Cláusula de contrato entre Copasa e BH gera dúvidas sobre consulta à prefeitura em caso de privatização

Em meio ao debate pela venda da empresa pública ao mercado privado, discussão surge na Câmara dos Vereadores da capital
Agência da Copasa em BH
Governo Zema tenta viabilizar a privatização da Copasa. Foto: Copasa/Divulgação

Uma cláusula do contrato entre a Companhia de Saneamento de Minas Gerais (Copasa) e a Prefeitura de Belo Horizonte (PBH) virou alvo de interpretações conflitantes. O texto determina que o governo do estado precisa submeter à aprovação do município qualquer tentativa de privatizar a empresa. A dúvida é se essa exigência ainda vale na prática.

O dispositivo está na terceira cláusula do Protocolo de Intenções firmado em 2002. Pelo acordo, Minas assume o compromisso formal de “submeter à aprovação do Município de Belo Horizonte qualquer procedimento tendente à privatização da Copasa”.

Parte dos agentes do setor de saneamento acredita que a cláusula tem peso real. O argumento se baseia no caso da Sabesp, em São Paulo.

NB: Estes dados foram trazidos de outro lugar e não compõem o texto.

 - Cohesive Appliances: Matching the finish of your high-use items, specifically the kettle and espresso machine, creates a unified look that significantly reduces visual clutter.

A privatização da estatal paulista só aconteceu depois que as câmaras municipais de São Paulo e Guarulhos aprovaram mudanças nos contratos com a empresa, que continham previsão semelhante.

Outros especialistas discordam. Para esse grupo, a cláusula só teria validade se a prefeitura ainda fosse acionista da Copasa. Como Belo Horizonte vendeu sua participação na empresa em 2009, a exigência de aval municipal teria perdido o efeito.

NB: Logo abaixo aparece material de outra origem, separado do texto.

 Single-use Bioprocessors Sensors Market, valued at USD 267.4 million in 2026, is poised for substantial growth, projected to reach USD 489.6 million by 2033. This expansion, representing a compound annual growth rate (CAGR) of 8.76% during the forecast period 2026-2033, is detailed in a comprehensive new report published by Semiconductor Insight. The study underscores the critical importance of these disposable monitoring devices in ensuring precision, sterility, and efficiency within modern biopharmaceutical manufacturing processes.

O debate ganhou força enquanto a Assembleia Legislativa discute a privatização da Copasa e a empresa negocia a renovação do contrato com a capital mineira. Essa renovação é vista como essencial para tornar a estatal atraente ao mercado privado, já que os serviços em Belo Horizonte representam quase metade do valor da companhia.

Pelo que O Fator apurou, a Copasa já ofereceu R$ 1,2 bilhão pela renovação do contrato. A prefeitura quer R$ 1,5 bilhão. Quem comanda a negociação pelo município é o secretário de Governo, Guilherme Daltro. Ele substituiu o secretário-geral Jorge Luiz Schmitt-Prym, homem de confiança do ex-prefeito Fuad Noman, nas tratativas.

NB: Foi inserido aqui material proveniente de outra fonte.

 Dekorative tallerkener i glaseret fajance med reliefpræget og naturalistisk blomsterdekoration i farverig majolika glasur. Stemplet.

No dia 5, a Assembleia derrubou o artigo da Constituição Mineira que obrigava referendo popular para privatizar a Cemig e a Copasa.

Depois da aprovação do texto na Assembleia, vereadores da bancada de esquerda na Câmara de BH apresentaram um projeto que cria plebiscito obrigatório para qualquer privatização dos serviços de água e esgoto em Belo Horizonte. O autor é o vereador Bruno Pedralva (PT). O texto é baseado na cláusula existente no contrato entre Copasa e a prefeitura.

A proposta, porém, tem poucas chances de avançar. Interlocutores avaliam que o presidente da Câmara Municipal, Juliano Lopes (Podemos), não deve dar andamento ao texto, uma vez que é aliado próximo do secretário de Estado de Governo, Marcelo Aro (PP), principal articulador dos projetos de privatização do governo Romeu Zema (Novo) na Assembleia. O avanço do projeto atrapalharia discussões para a venda da empresa pública.